What you have to do: Could you give the entries back exactly as they stand, minus any pictures?

[Records excerpted from a collection]
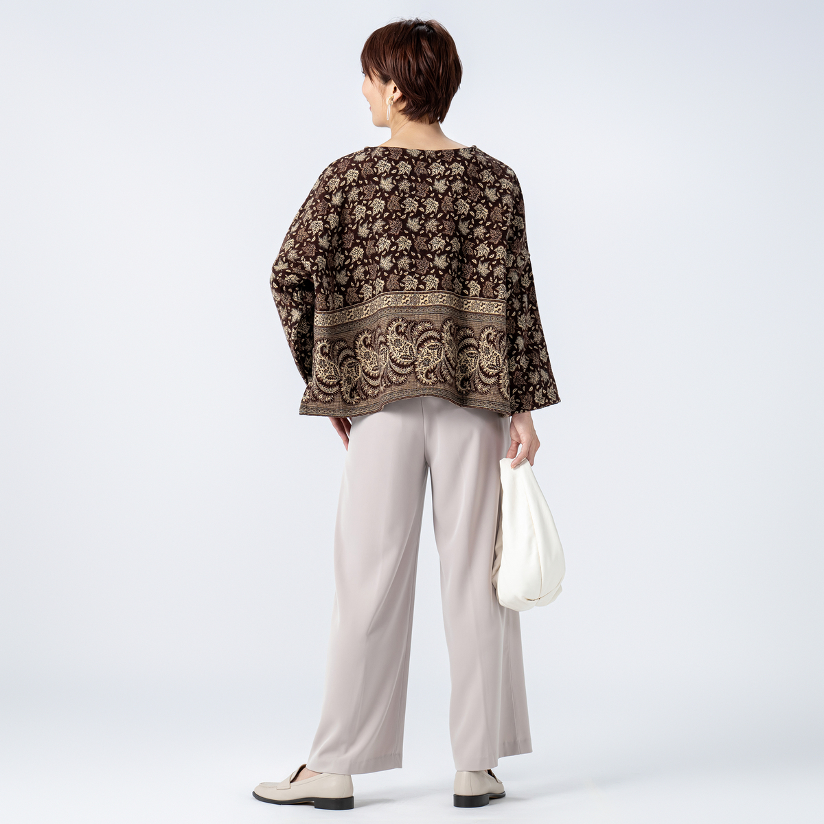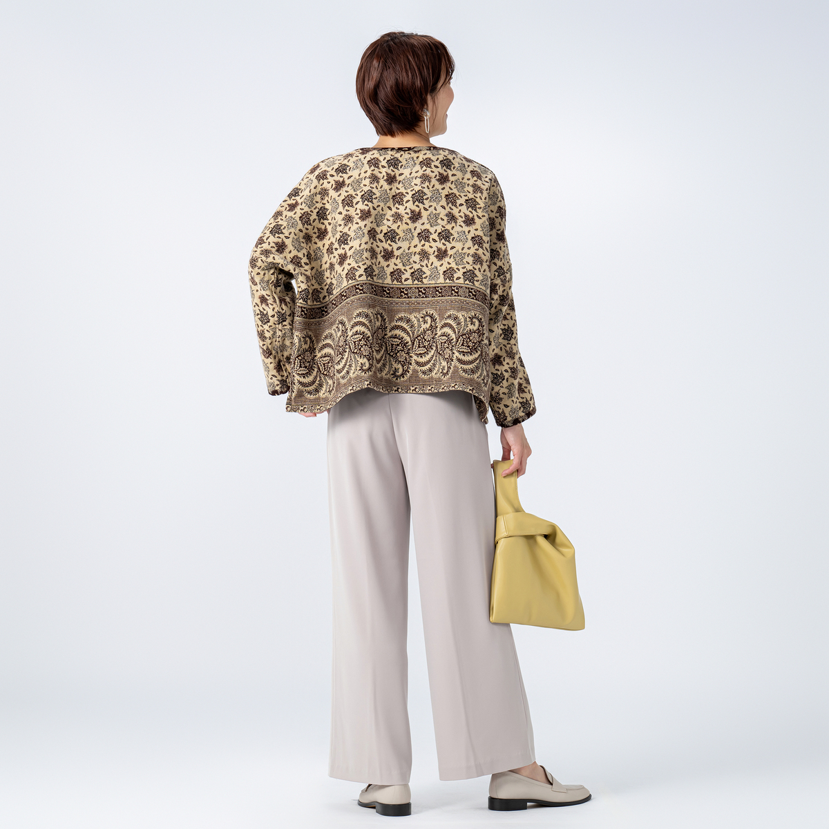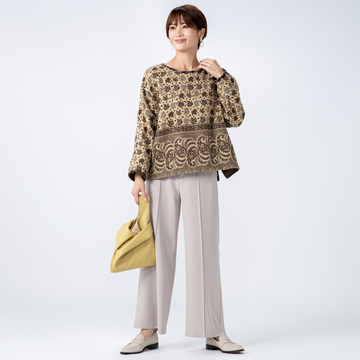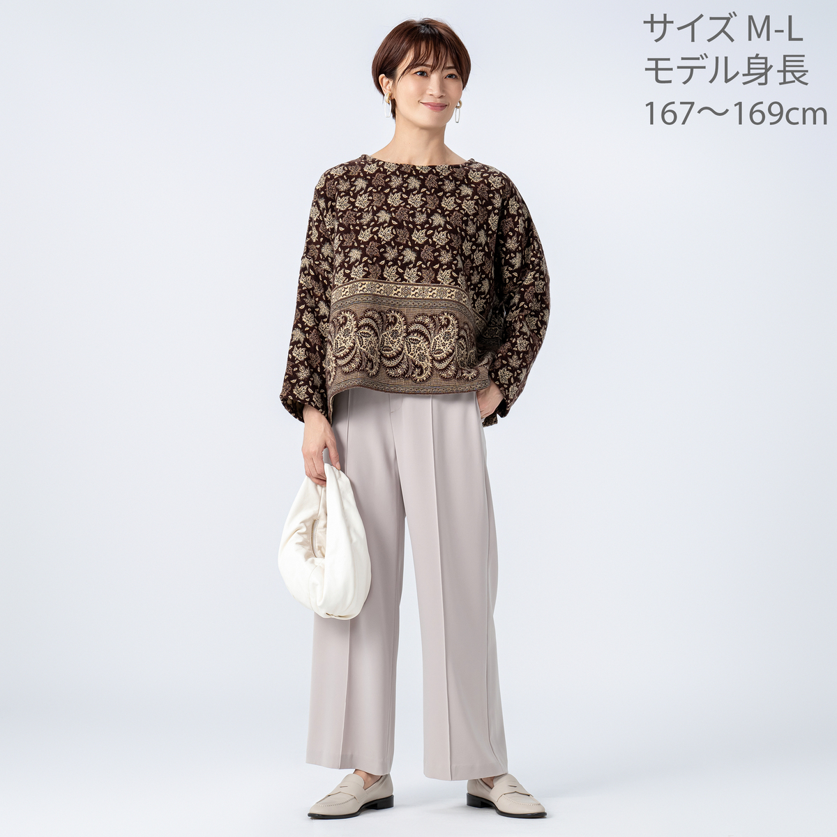 アームホールをたっぷり取って腕まわりを楽に仕上げたワイドなデザインで、ふわっとして重ね着もラクラク。ワイドパンツやフレアースカートなどと合わせた着こなしにもマッチします
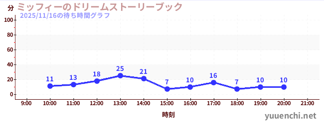 2025/11/16の待ち時間グラフ (ミッフィーのドリームストーリーブック)
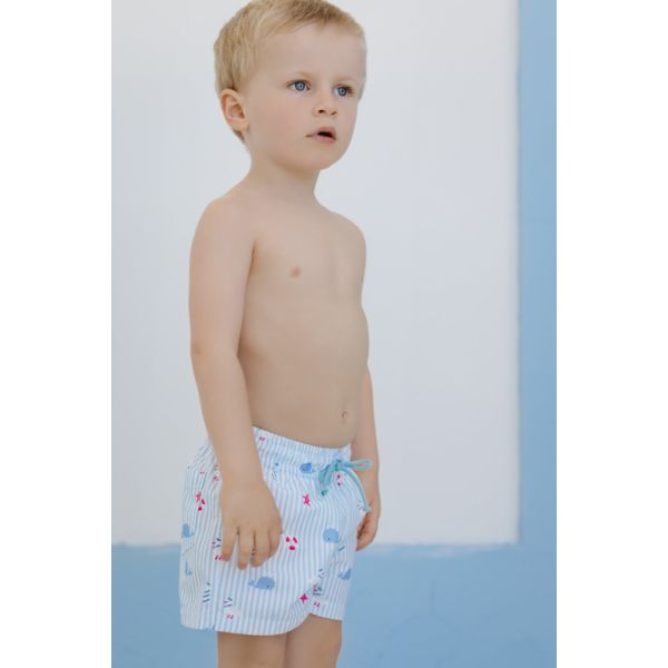 These classic boys' swim trunks from Sal & Pimenta are perfect for seaside adventures and summer fun.
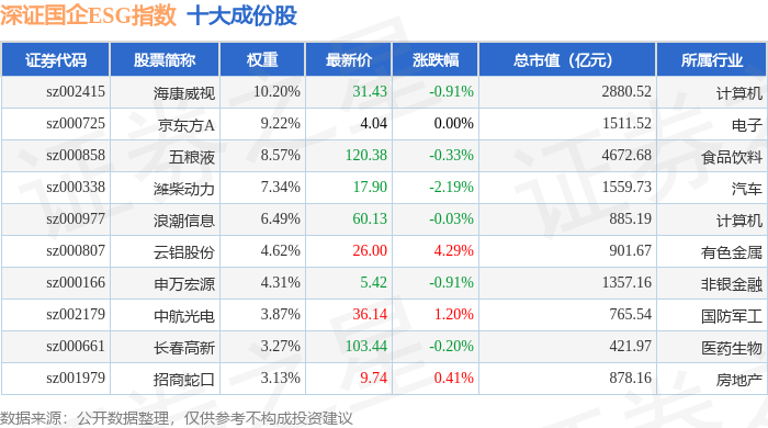 深证国企ESG(970055)指数十大成份股详情如下:
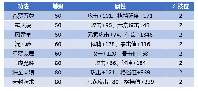 2号位同样给大家推荐8种功法。除了3种80级的功法外,建议各位斗者保留森罗万象、霜天诀和星罗鬼舞这三种。这三种功法都增加了较多的攻击值,霜天诀更是既增加了攻击属性又增加了元素攻击属性,但霜天诀属于稀有功法,除了家族拍卖中有几率出现外只能通过限时活动或者商城宝箱获得,若是无法获得也可以选择风雷皇功法。
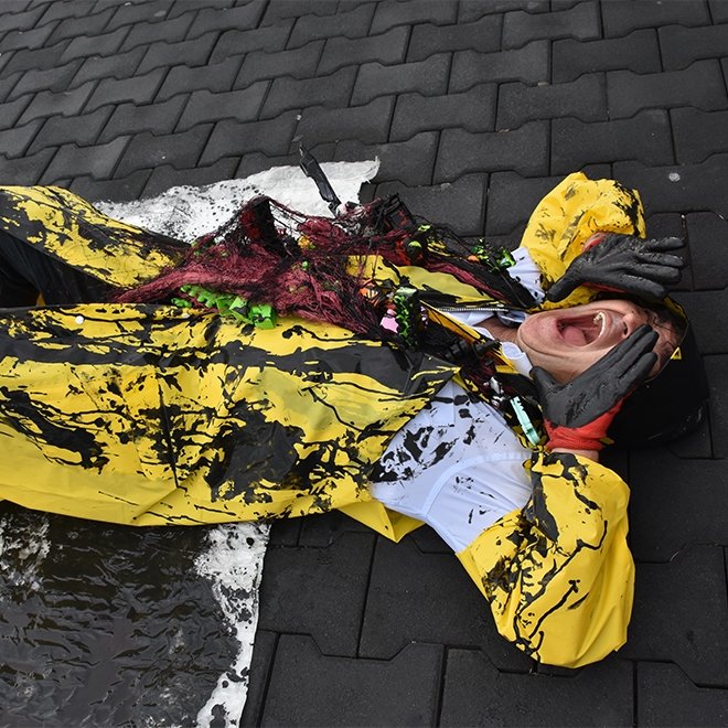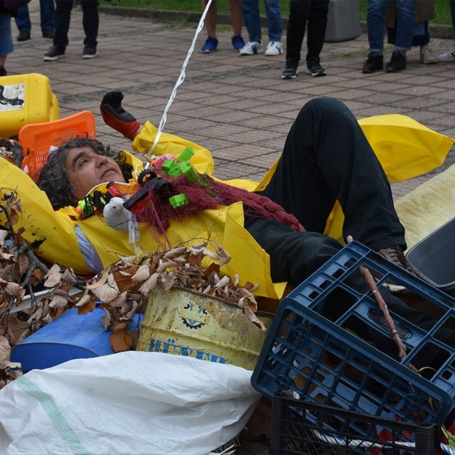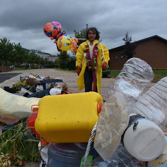 Trabzon'da bir akademisyen "Atık" adlı performansıyla çevre kirliliğine dikkat çekti
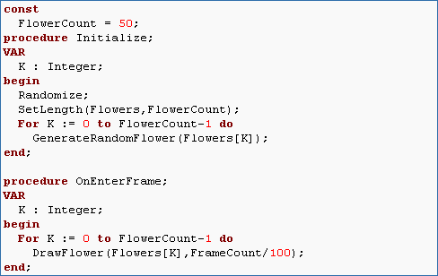 Let's generate 50 flowers randomly on the screen. We'll initialize all the flowers in Initialize. First, you should declare a global constant (it will be used by other OnEnterFrame so it must be global) called FlowerCount set to 50. Inside of Initialize, set the length of the dynamic array to FlowerCount. Then simply loop trhough every entry in Flowers (0 to FlowerCount-1) and call GenerateRandomFlower. You will then need to go to OnEnterFrame and again loop through every entry in Flowers and call DrawFlower(Flowers[K],FrameCount/100). Don't forget to call Randomize inside of Initialize in order to reset the random number generator.
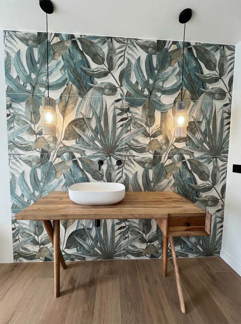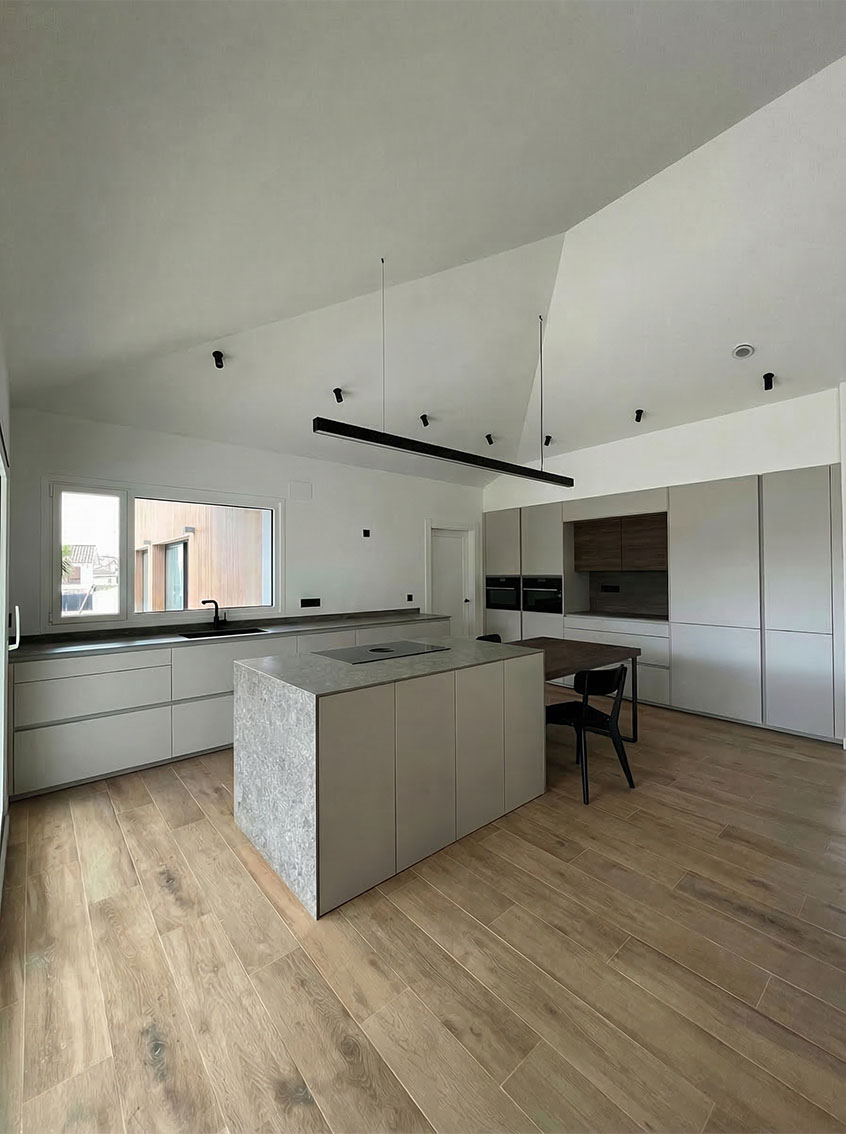 El hall da acceso a la zona social de la casa, el salón comedor, proyectado al exterior con cerramiento de forja y vidrio. Esta zona se complementa con la cocina, anexa al salón pero con total independencia física.
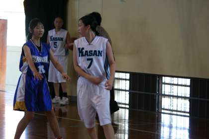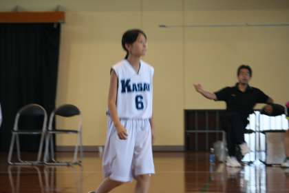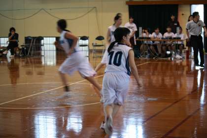 ゴール下でリバウンドをとった選手がロングパスを堀田さんに送りました。堀田さんの横には北川さんがついて走っています。

Solution to the exercise:
 アームホールをたっぷり取って腕まわりを楽に仕上げたワイドなデザインで、ふわっとして重ね着もラクラク。ワイドパンツやフレアースカートなどと合わせた着こなしにもマッチします
 2025/11/16の待ち時間グラフ (ミッフィーのドリームストーリーブック)
 These classic boys' swim trunks from Sal & Pimenta are perfect for seaside adventures and summer fun.
 深证国企ESG(970055)指数十大成份股详情如下:
 2号位同样给大家推荐8种功法。除了3种80级的功法外,建议各位斗者保留森罗万象、霜天诀和星罗鬼舞这三种。这三种功法都增加了较多的攻击值,霜天诀更是既增加了攻击属性又增加了元素攻击属性,但霜天诀属于稀有功法,除了家族拍卖中有几率出现外只能通过限时活动或者商城宝箱获得,若是无法获得也可以选择风雷皇功法。
 Trabzon'da bir akademisyen "Atık" adlı performansıyla çevre kirliliğine dikkat çekti
 Let's generate 50 flowers randomly on the screen. We'll initialize all the flowers in Initialize. First, you should declare a global constant (it will be used by other OnEnterFrame so it must be global) called FlowerCount set to 50. Inside of Initialize, set the length of the dynamic array to FlowerCount. Then simply loop trhough every entry in Flowers (0 to FlowerCount-1) and call GenerateRandomFlower. You will then need to go to OnEnterFrame and again loop through every entry in Flowers and call DrawFlower(Flowers[K],FrameCount/100). Don't forget to call Randomize inside of Initialize in order to reset the random number generator.
 El hall da acceso a la zona social de la casa, el salón comedor, proyectado al exterior con cerramiento de forja y vidrio. Esta zona se complementa con la cocina, anexa al salón pero con total independencia física.
 ゴール下でリバウンドをとった選手がロングパスを堀田さんに送りました。堀田さんの横には北川さんがついて走っています。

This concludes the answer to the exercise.